The 'Newly scanned records' only display a month's worth of additions. However, I've modified the code below to create a 'git scraper' that uses GitHub actions to run the harvester every Sunday, saving a list of the files digitised in the previous week into a public repository. Over time, this should build up a more complete record of the digitisation process.

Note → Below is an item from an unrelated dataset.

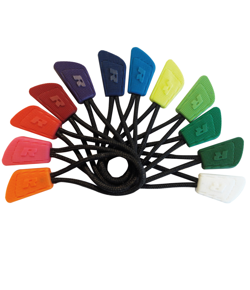 Polyurethane tag with polyester tie. Black cord.Coloured branded tag.Co-ordinates with any Result zip pull style.Sold in packs of 10.

It took me a while to figure out how the pagination worked in the 'Newly scanned records' site. As you can see below, it's a matter of adding inputs to the main navigation form that mimic a click on the page navigation buttons. Screen scraping is such fun... 😬

Import what we need

In [27]:
import mechanicalsoup
import re
import arrow
from tqdm.auto import tqdm
import time
import pandas as pd
from pathlib import Path
import altair as alt
from recordsearch_tools.client import RSSeriesClient

Define some functions

In [28]:
def initialise_browser():
    '''
    This is necessary to get an active session in RS.
    '''
    browser = mechanicalsoup.StatefulBrowser()
    browser.open('https://recordsearch.naa.gov.au/scripts/Logon.asp?N=guest')
    browser.select_form('form[id="t"]')
    browser.submit_selected()
    return browser

def get_date_digitised(result):
    '''
    Generate a formatted date from the date digitised string (eg 'Digitised 1 days ago').
    It does this by getting today's date then subtracting the interval.
    It's possible this might not always be accurate...
    '''
    # Get the string describing when the record was digitised
    when_digitised = result.find('div', class_='card-footer card-footer-list').span.string.strip()
    
    # Extract out the time interval and unit
    interval, unit = re.search(r'^Digitised (\d+) (hours|days) ago', when_digitised).groups()
    
    # Subtract interval from today's date
    if unit == 'days':
        date_digitised = arrow.now('Australia/Sydney').shift(days=-(int(interval)))
    elif unit == 'hours':
        date_digitised = arrow.now('Australia/Sydney').shift(hours=-(int(interval)))
        
    # ISO format the result
    return date_digitised.format('YYYY-MM-DD')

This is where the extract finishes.